# Best color bulb for night lights



## trudib (Jul 24, 2011)

OK need to know best color for nighttime bulb, that will only go on if temps drop, dont want the little fellow being woken by bright lights. Wouldn't set one at all for now but posh thermostat has to have day and night.


----------



## Welsh dragon (Oct 27, 2009)

If its for a Beardie they dont need or like nightime lighting so I wouldnt worry about using a bulb for the night .


----------



## BenjaminBoaz (Jan 6, 2006)

Red light for view with little disturbance


----------



## imitebmike (Jun 22, 2008)

i think a ceramic not be best...they dont give out light


----------



## janeann10uk (May 27, 2009)

beardies like to have dark of a night No night light needed


----------



## Ste123 (Apr 30, 2011)

Welsh dragon said:


> If its for a Beardie they dont need or like nightime lighting so I wouldnt worry about using a bulb for the night .


I agree but depends where the viv is going to be, if it's in a cold conservatory for example and with us getting to the last quarter of the year maybe the night time temperature drop is too much, this is something I'm looking at for my viv I'm setting up. if we have a bad winter and I think we will then maybe a low level ceramic would be needed just to raise the ambient temp up (on a stat so only on when the cold reachs a worrying level)

I know beardies are not nocturnal so you don't need a night light for viewing as all you will see is a beardie asleep


----------



## BenjaminBoaz (Jan 6, 2006)

sorry i didnt read that properly at all. Yes use ceramics on a pulse stat. if you want to view your animals after lights out use a red bulb.


----------



## janeann10uk (May 27, 2009)

beardies go to bed of a night - they only need a ceramic for heat, not light


----------



## BenjaminBoaz (Jan 6, 2006)

animals that come out at night dont need lights either - they can see in the dark.

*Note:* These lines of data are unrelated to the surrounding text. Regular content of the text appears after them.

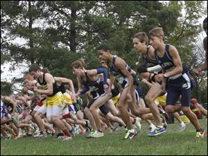 The girls varsity race kicks off at the Northern Lakes League cross country championship meet at Pearson Metropark in Oregon, Saturday.
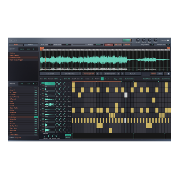 Initial Slice ist ein Loop-Slicer und Beat-Making-Plugin. Laden Sie Audio-Loops per Drag & Drop, um sie zu schneiden, zu loopen, umzukehren, die Tonhöhe zu ändern oder sogar zeitlich zu dehnen. Initial Slice kommt auch mit mehreren integrierten Piano-Rollen, sodass Sie Sequenzen direkt im Plugin erstellen können. Darüber hinaus haben wir einen fortschrittlichen Drum-Sequencer, Bass-Sequencer, Playlist-Editor, 4 Effekt-Racks (jeweils mit 11 integrierten Effekten) und viele hochwertige Inhalte.
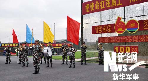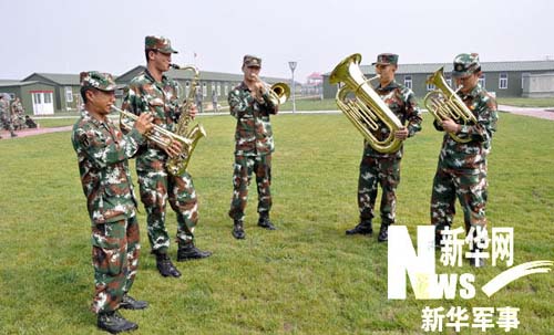 進(jìn)駐閱兵村后,為豐富官兵文化生活需要,方隊(duì)緊急組建了這支小型軍樂隊(duì),配備了大小號、長圓號、大小軍鼓等各種管弦和打擊樂器。雖然樂隊(duì)成員只有10人,卻個(gè)個(gè)藝精才高。他們有的畢業(yè)于藝術(shù)學(xué)校,民樂、西洋管樂樣樣皆通;有的來自嗩吶世家,"童子功"相當(dāng)深厚;還有的是國家一級演員的弟子,快板說得頭頭是道……個(gè)個(gè)都是方隊(duì)的文藝骨干。這支軍樂隊(duì)也成了方隊(duì)的文藝演出小分隊(duì)。
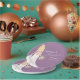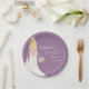 Cette assiette en papier sur le thème bohème présente un gracieux rideau de perles et une superbe mariée bohème aux cheveux blonds dans une délicate robe de mariée en dentelle. Ornée d'un bouquet luxuriant de roses, d'herbe de pampa, d'eucalyptus et de renoncules.
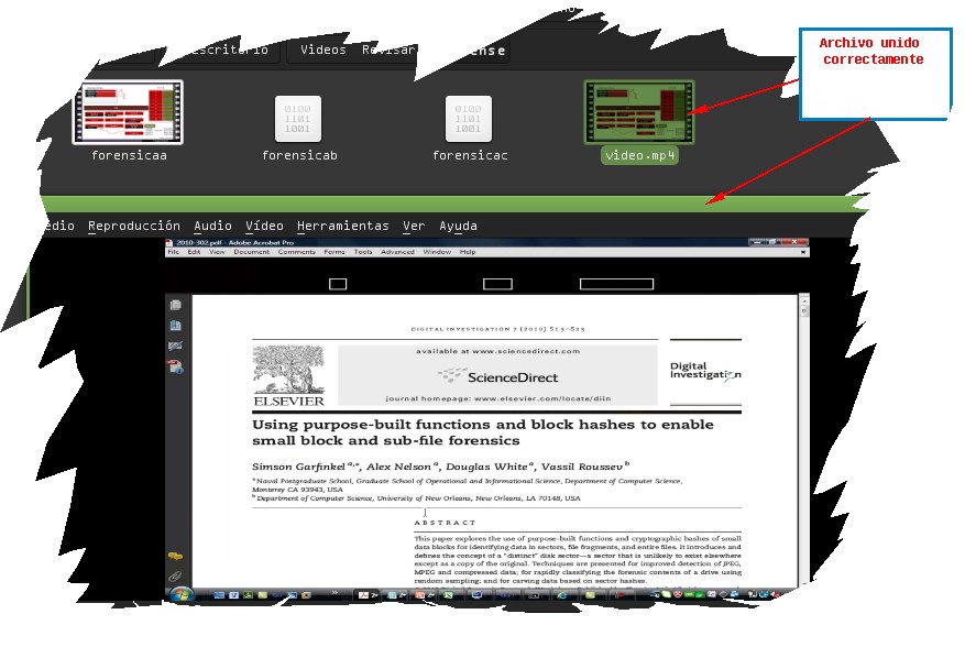 Ahora lo que procedemos es a usar el termino que usar para dividir que era forensic seguido del * la salida que sera con el nombre de video.mp4

we need lights to view them and red works very well.


----------



## UrolithicTitan (Sep 12, 2010)

A ceramic finture polaced in the centre of the roof of hte viv on a pulse stat set to 22°C with the probe properly positions will be fine. You could even set it up on timers so that the UV goes on an hour before the basking bulb the baking bulb then goes off an hour before the UV and th ceramic ficture turns on after the UV light goes off. :2thumb:


----------



## trudib (Jul 24, 2011)

I dont want the light or any bulb to come on , but my new all fandangle stat does i cant turn night temps off therefore want a bulb i can use with stat i have and dont want to use pulse stat. I have set the min to 60f as my viv never goes below that, however, i want in the winter to have the extra heat if needed as the stat controls day and night another bulb in the stat, a ceramic if a pulse stat is needed will be no good. After spending £50 on this stat im not looking to buy another one and no not been a cheap scate. So what light will disturb him least if the temps drop to low blue or red? thanks for help so far but electrics are wired for nighttime bulb if temps need and i want best color for that


----------



## BenjaminBoaz (Jan 6, 2006)

red heat bulb 150 watt.


----------



## KurtH (Sep 24, 2010)

These are better than the red in my opinion.
A bit more natural Exo Terra : Night Glo / Moonlight Lamp


----------



## trudib (Jul 24, 2011)

thanks guys


----------



## BenjaminBoaz (Jan 6, 2006)

because they are called moon? lol. 

either are good. blue arent in the higher watts yet, so if your wanting heat:whistling2:


----------



## trudib (Jul 24, 2011)

animalstory said:


> because they are called moon? lol.
> 
> either are good. blue arent in the higher watts yet, so if your wanting heat:whistling2:


Will try blue for now at 75w as said temps really dont drop below 60f more of stat regulates night and cant turn it off and better to be safe then sorry for heat if that isnt enough then will try red. Again thanks for input guys


----------